Mayor Suarez launches an artificial intelligence chatbot for his presidential campaign (AP)
“Hi, I’m AI Francis Suarez,” the bot says to introduce itself, its mouth moving in a way that’s not quite human. “You’ve probably heard that my namesake, conservative Miami Mayor Francis Suarez, is running for president. I’m here to answer questions you may have about Mayor Suarez’s proven agenda for economic prosperity, cutting spending and supporting our police. So, how can I help?”
Other notable news
Sarah Silverman Sues OpenAI and Meta Over Copyright Infringement (New York Times)
In our last newsletter we wrote about the beginning of what we expect to be a wave of class-action lawsuits around copyright infringement, and this week another big name added hers to two suits accusing OpenAI and Meta of illegally using her work to train their models. Sarah Silverman joins bestselling-authors Christopher Golden and Richard Kadrey in the two class-action suits. Since these suits take years to wind their way through courts we don’t expect resolution anytime soon, but the wave of lawsuits is likely to impact tech’s regulatory and legal strategies.
Inside the White-Hot Center of A.I. Doomerism (New York Times)
But the difference is that Anthropic’s employees aren’t just worried that their app will break, or that users won’t like it. They’re scared — at a deep, existential level — about the very idea of what they’re doing: building powerful A.I. models and releasing them into the hands of people, who might use them to do terrible and destructive things.
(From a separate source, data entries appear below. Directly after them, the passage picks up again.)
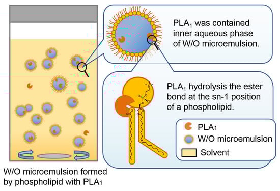 Schematic illustration of hydrolysis reaction in water-in-oil (W/O) microemulsion of non-immobilized phospholipase A1 (PLA1).
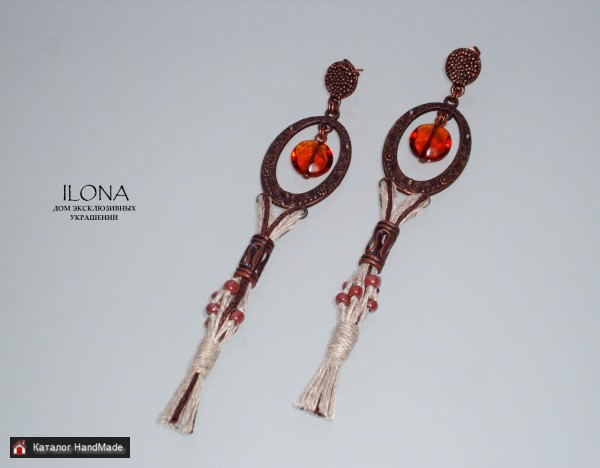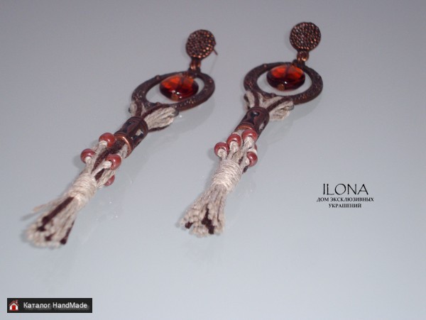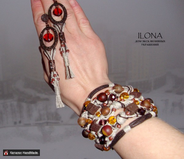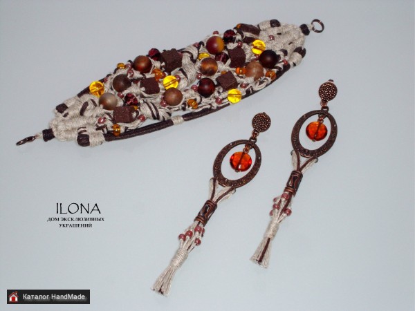 Добрый день! Рада Вас приветствовать! ))) Меня зовут Илона Желобовская. Кто ещё не знаком со мной и моими работами. Я дизайнер и мастер украшений и изделий ручной работы. Представляю "Дом эксклюзивных украшений ILONA" Это украшение -- это такая ода Земле, земной жизни, земной природе каждого из нас -- природе человека. Я вижу коричневую почву, плодородную, густую, плотную, живую, родящую. Зелень, которая выходит из неё, птиц, поющих, сидя на ветке. Вижу людей земных, идущих ногами по Земле, по коричневой плодородной плотной Земле. Вижу земных женщин, природных, дающих Земле людей, мужчин, дающих Земле свою широту. Вижу босые ноги, которые чувствуют собой почву, землю, жизнь, силу, движение, родство. Это такая ода земной любви, земным рукам, земному теплу и земному сердцу. Силу человека и красоту. Материал Серьги: верёвка-шнур, вощёный шнур, гранёное стекло, бисер, металлическая фурнитура. Размер 12 см. Материал Браслет: верёвка-шнур, вощёный шнур, коричневый более толстый шнур, агат, стекло гладкое и гранёное, бисер, квадратики лавы (точное название не скажу). Размер 19 см (при необходимости можно доставить цепочку на удлиненные размера; ширина примерно 6 см. Цена Браслет: 88 рублей. Цена Серьги: 35 рублей Каждое украшение продаётся в коробочке, в которой удобно хранить изделие и приятно дарить! Приглашаю Вас познакомиться с моими другими изделиями в других объявлениях! Так же изготовлю изделие под Ваш индивидуальный заказ! Готов к примерке и приобретению! Смотрите, пожалуйста, все мои объявления, там много красивого для Вас!
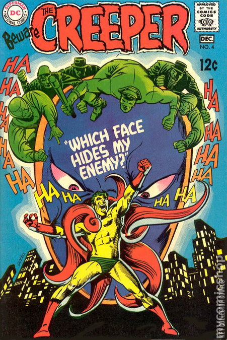 WHICH FACE HIDES MY ENEMY? The Creeper investigates a pair of mysterious visitors from the country of Offalia, who claim that Proteus was their secretary of state and that his appearance-changing abilities were a secret. The Creeper links Proteus with cult leader Yogi Bizerk.
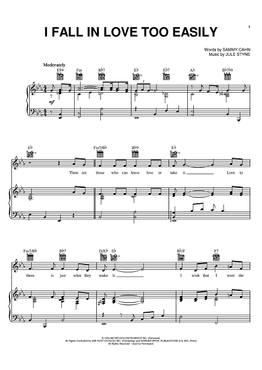 "I Fall In Love Too Easily" Sheet Music by Frank Sinatra
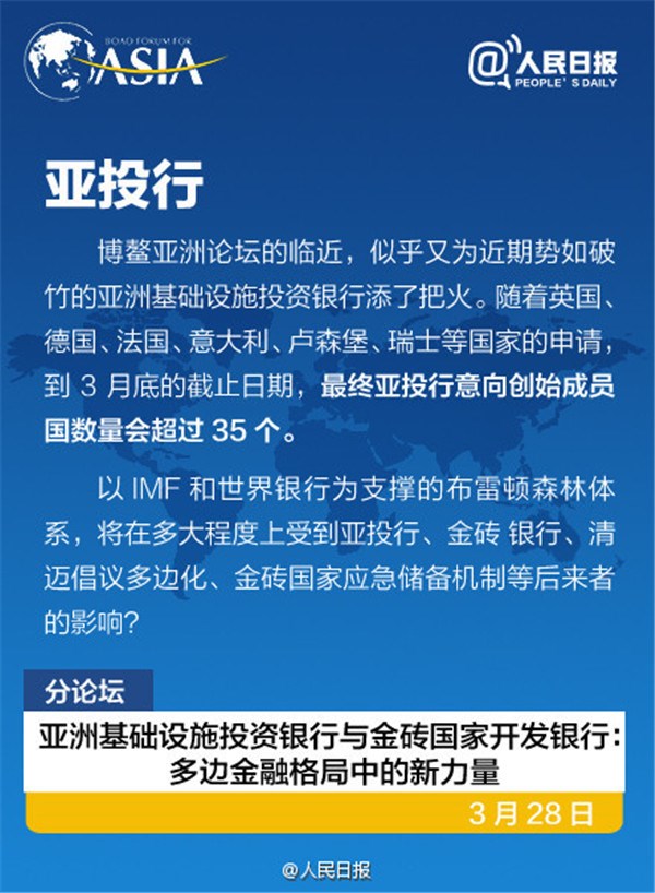3月26日,博鳌亚洲论坛2015年年会在中国海南博鳌召开。77场正式讨论,将围绕食品安全、雾霾治理、人工智能、一带一路、区域合作等议题展开。普惠金融、政商关系新生态、自贸区、市政债、影子银行、亚投行……这些概念,你都熟知吗?

ChatGPT loses users for first time, shaking faith in AI revolution (The Washington Post)
Headline is a bit much, but nonetheless:
Mobile and desktop traffic to ChatGPT’s website worldwide fell 9.7 percent in June from the previous month, according to internet data firm Similarweb. Downloads of the bot’s iPhone app, which launched in May, have also steadily fallen since peaking in early June, according to data from Sensor Tower.
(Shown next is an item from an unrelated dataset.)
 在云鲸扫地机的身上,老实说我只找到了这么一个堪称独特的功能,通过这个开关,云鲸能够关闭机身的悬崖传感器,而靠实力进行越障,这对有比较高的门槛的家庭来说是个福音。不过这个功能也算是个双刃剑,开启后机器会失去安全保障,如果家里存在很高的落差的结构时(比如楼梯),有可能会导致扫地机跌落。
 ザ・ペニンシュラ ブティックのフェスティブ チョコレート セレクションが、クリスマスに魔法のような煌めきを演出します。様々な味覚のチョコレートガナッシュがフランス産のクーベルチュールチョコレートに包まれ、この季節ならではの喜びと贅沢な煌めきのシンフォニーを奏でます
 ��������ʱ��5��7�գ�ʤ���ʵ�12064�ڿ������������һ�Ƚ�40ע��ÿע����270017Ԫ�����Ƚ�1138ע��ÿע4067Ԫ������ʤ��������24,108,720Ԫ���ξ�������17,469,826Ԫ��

Humans may be more likely to believe disinformation generated by AI
Disinformation generated by AI may be more convincing than disinformation written by humans, a new study suggests. The research found that people were 3% less likely to spot false tweets generated by AI than those written by humans.
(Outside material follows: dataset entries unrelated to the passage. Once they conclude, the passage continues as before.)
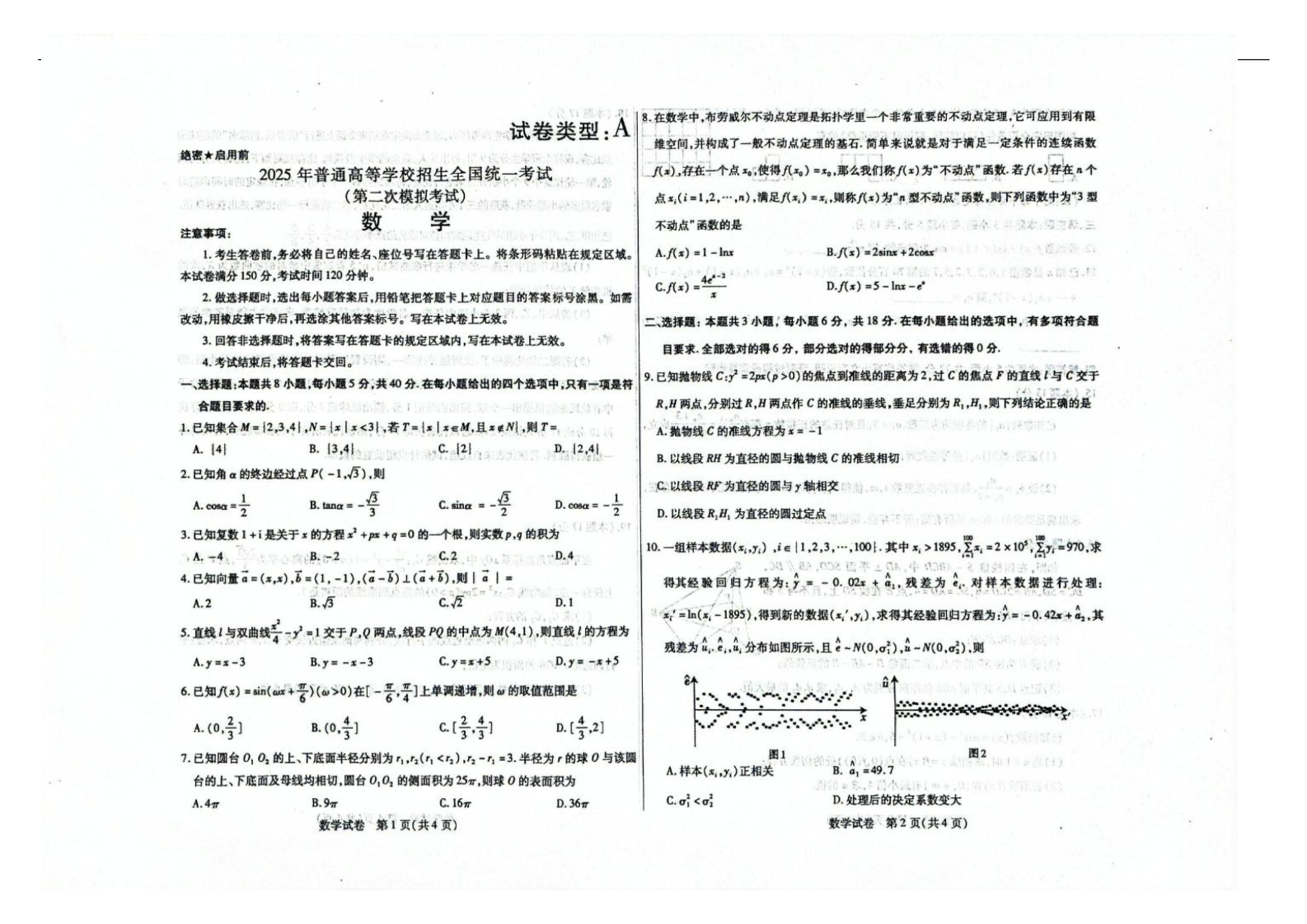 内蒙古包头市2024-2025下学期4月高三二模数学+答案
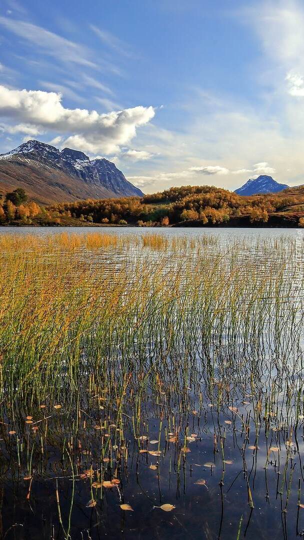 Edytor tapety: Pożółkłe trawy w jeziorze
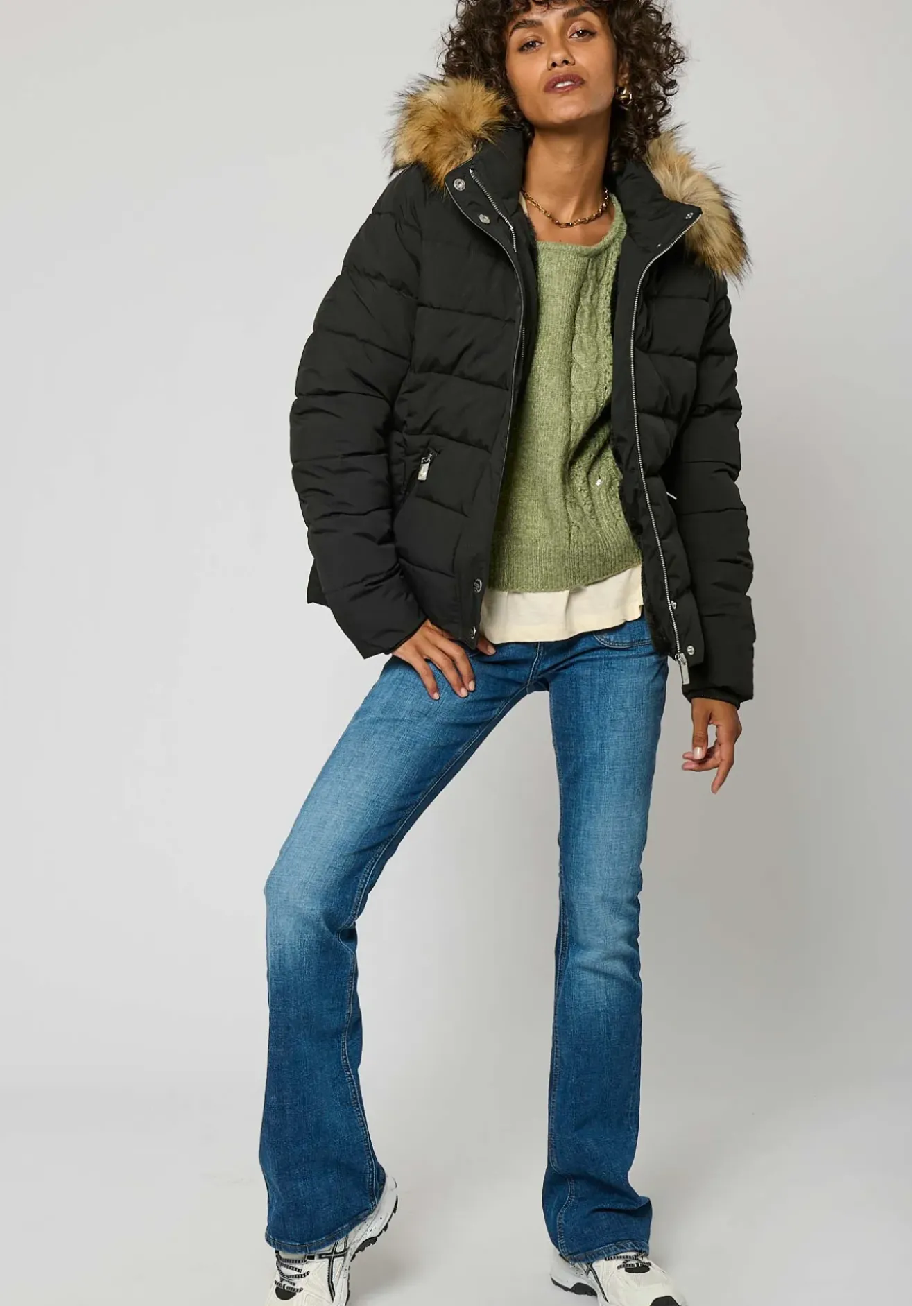 Capuche et imitation fourrure amovibles s’attachent à l’aide de boutons pression.

AI and the automation of work (Benedict Evans)
We know (or should know), empirically, that there always have been those new jobs in the past, and that they weren’t predictable either: no-one in 1800 would have predicted that in 1900 a million Americans would work on ‘railways’ and no-one in 1900 would have predicted ‘video post-production’ or ‘software engineer’ as employment categories. But it seems insufficient to take it on faith that this will happen now just because it always has in the past. How do you know it will happen this time? Is this different?